> _WHAT TO DO_:
Could you give the data that follows again exactly, without its pictures?

**** RECORDED DATA ****

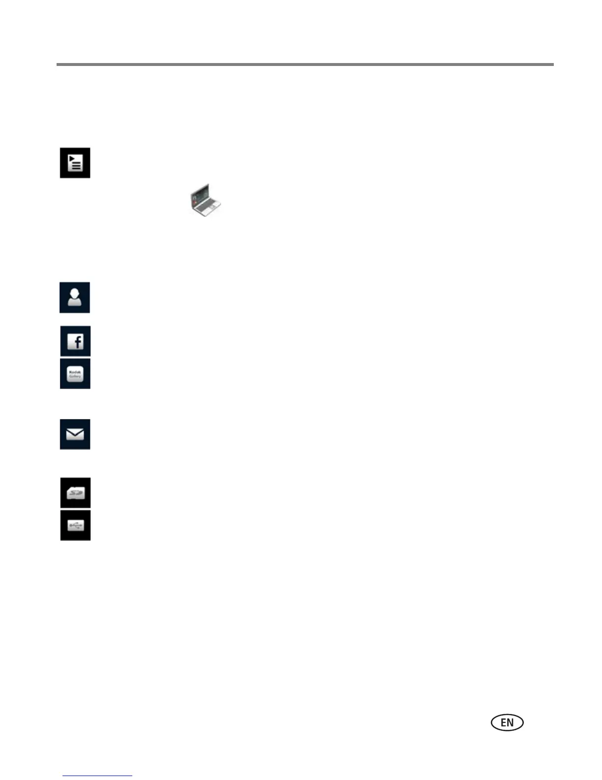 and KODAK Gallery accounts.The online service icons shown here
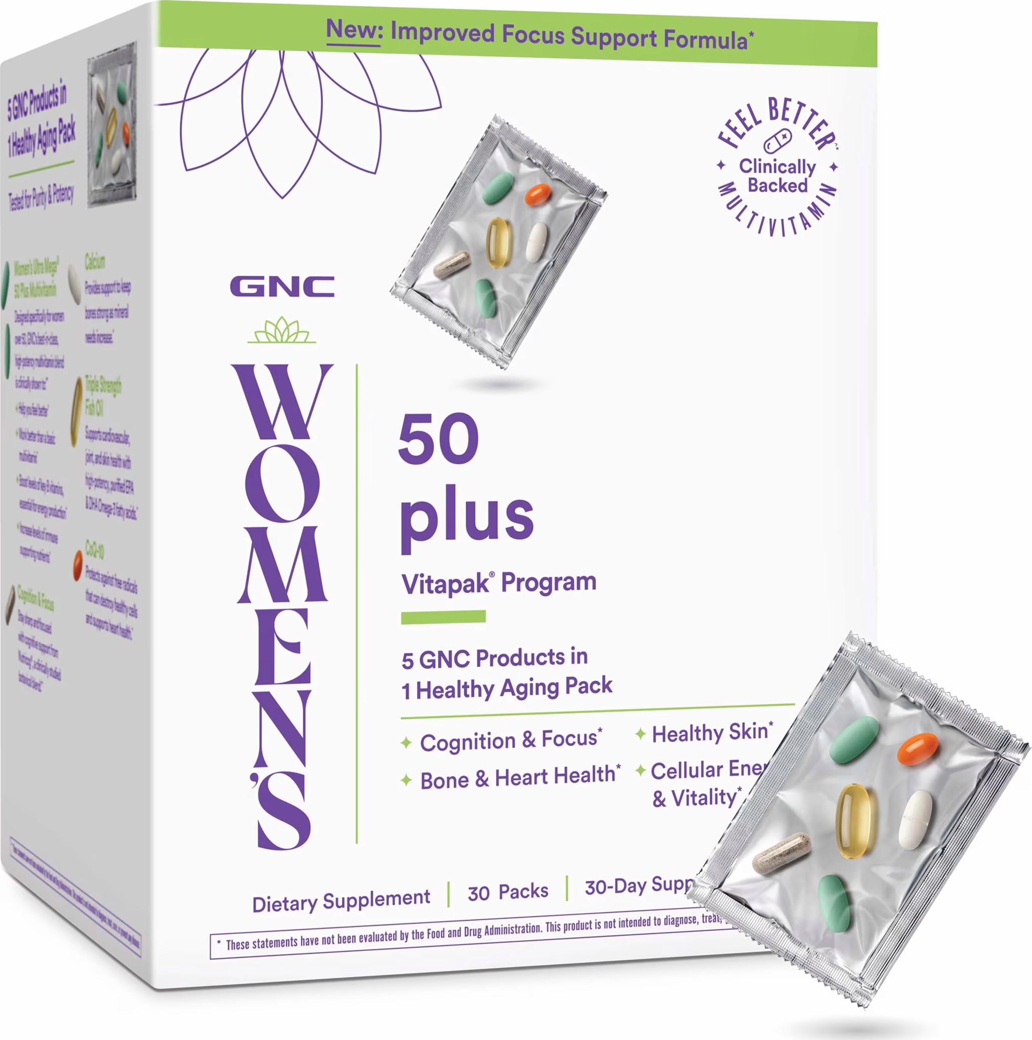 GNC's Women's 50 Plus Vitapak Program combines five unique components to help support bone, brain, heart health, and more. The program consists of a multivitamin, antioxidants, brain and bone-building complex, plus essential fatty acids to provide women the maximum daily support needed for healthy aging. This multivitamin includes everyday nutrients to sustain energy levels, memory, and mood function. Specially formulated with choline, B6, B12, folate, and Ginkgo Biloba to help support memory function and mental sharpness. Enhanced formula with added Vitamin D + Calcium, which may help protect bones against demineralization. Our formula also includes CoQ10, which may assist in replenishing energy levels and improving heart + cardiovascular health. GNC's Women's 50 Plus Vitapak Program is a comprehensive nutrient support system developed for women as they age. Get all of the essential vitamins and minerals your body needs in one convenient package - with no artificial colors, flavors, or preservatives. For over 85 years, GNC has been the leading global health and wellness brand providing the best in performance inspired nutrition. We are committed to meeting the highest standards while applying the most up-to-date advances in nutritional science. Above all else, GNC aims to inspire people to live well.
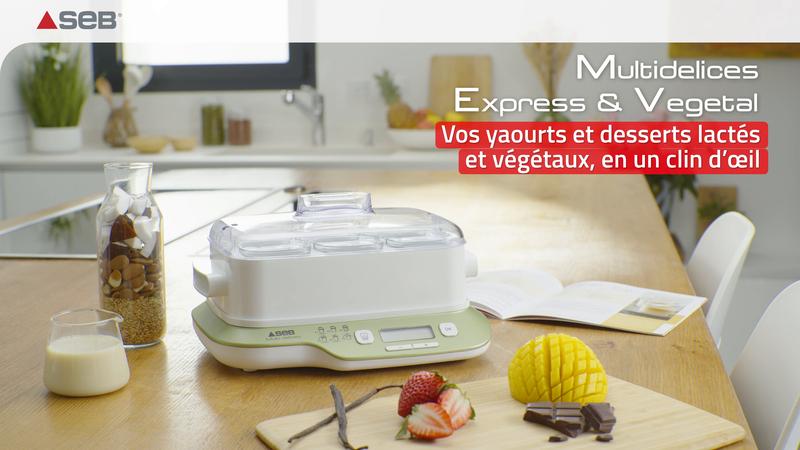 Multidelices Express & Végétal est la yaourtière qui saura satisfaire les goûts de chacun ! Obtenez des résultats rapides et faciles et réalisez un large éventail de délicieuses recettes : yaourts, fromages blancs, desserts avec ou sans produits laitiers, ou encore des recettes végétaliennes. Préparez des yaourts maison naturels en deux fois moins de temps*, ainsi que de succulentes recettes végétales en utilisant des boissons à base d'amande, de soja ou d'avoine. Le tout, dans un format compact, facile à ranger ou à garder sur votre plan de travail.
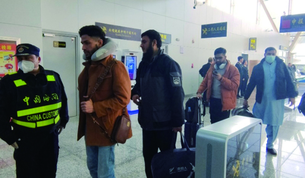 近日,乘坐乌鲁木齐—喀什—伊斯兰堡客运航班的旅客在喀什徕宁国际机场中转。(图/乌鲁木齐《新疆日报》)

****

> _SOLVED EXERCISE_:
 and KODAK Gallery accounts.The online service icons shown here
 GNC's Women's 50 Plus Vitapak Program combines five unique components to help support bone, brain, heart health, and more. The program consists of a multivitamin, antioxidants, brain and bone-building complex, plus essential fatty acids to provide women the maximum daily support needed for healthy aging. This multivitamin includes everyday nutrients to sustain energy levels, memory, and mood function. Specially formulated with choline, B6, B12, folate, and Ginkgo Biloba to help support memory function and mental sharpness. Enhanced formula with added Vitamin D + Calcium, which may help protect bones against demineralization. Our formula also includes CoQ10, which may assist in replenishing energy levels and improving heart + cardiovascular health. GNC's Women's 50 Plus Vitapak Program is a comprehensive nutrient support system developed for women as they age. Get all of the essential vitamins and minerals your body needs in one convenient package - with no artificial colors, flavors, or preservatives. For over 85 years, GNC has been the leading global health and wellness brand providing the best in performance inspired nutrition. We are committed to meeting the highest standards while applying the most up-to-date advances in nutritional science. Above all else, GNC aims to inspire people to live well.
 Multidelices Express & Végétal est la yaourtière qui saura satisfaire les goûts de chacun ! Obtenez des résultats rapides et faciles et réalisez un large éventail de délicieuses recettes : yaourts, fromages blancs, desserts avec ou sans produits laitiers, ou encore des recettes végétaliennes. Préparez des yaourts maison naturels en deux fois moins de temps*, ainsi que de succulentes recettes végétales en utilisant des boissons à base d'amande, de soja ou d'avoine. Le tout, dans un format compact, facile à ranger ou à garder sur votre plan de travail.
 近日,乘坐乌鲁木齐—喀什—伊斯兰堡客运航班的旅客在喀什徕宁国际机场中转。(图/乌鲁木齐《新疆日报》)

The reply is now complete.